GOP Governor Tom Corbett of Pennsylvania, the only Northeastern state that does not grant same-sex couples equal marriage or civil unions, came out in support of state legislation to protect the LGBT community on Tuesday, December17, amid an uphill battle for re-election that finds his campaign supported by only 20% of the registered voters in his state.
Meeting with LGBT workers in the state who spoke to him about the discrimination faced by the community in the workplace, Corbett had a change of heart, recognizing that there is currently no legislation in place in the state of Pennsylvania that protects the LGBT employees from such discrimination.
“I’ve had people come and talk to me about how they were discriminated against,” Corbett told the Philadelphia Inquirer in an interview on December 17.
“The federal government has antidiscrimination laws. I believed they covered it.”
Corbett’s endorsement has sparked renewed hope for the antidiscrimination legislation in Pennsylvania, which has languished due to lack of support in the Republican controlled State Legislature.
“This is remarkably big news,” said Ted Martin, executive director of Equality Pennsylvania, to the Philadelphia Inquirer.
“His leadership will move the issue forward in a way that is long overdue.”

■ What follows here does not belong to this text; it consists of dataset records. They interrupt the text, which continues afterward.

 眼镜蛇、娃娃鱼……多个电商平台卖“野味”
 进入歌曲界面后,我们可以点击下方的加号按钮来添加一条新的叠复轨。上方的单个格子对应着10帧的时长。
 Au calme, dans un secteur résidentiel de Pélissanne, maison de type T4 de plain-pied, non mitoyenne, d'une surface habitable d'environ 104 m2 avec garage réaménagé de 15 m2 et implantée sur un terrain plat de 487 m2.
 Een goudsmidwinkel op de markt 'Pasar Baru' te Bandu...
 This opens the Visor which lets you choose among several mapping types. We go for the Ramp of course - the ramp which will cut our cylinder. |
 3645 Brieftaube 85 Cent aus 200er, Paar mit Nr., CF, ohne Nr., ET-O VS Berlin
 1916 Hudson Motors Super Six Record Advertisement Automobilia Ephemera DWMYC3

Corbett is just one of the latest in a trend of GOP elected officials and party leaders who have come out in support of legislation which protects the LGBT community from discrimination, such as US senator Pat Toomey (R-PA), who voted in favor of the Employment Non Discrimination Act last month.
However, Corbett still maintains his opposition to same-sex marriage, saying “my position hasn’t changed…I believe marriage is one man and one woman,” and sees no conflict in his stance on other LGBT issues.
He is currently embroiled in a legal battle with the American Civil Liberties Union over Pennsylvania’s same-sex marriage ban, which brought a suit against the state in July, on behalf of gay and lesbian couples who say the ban violates their constitutional rights.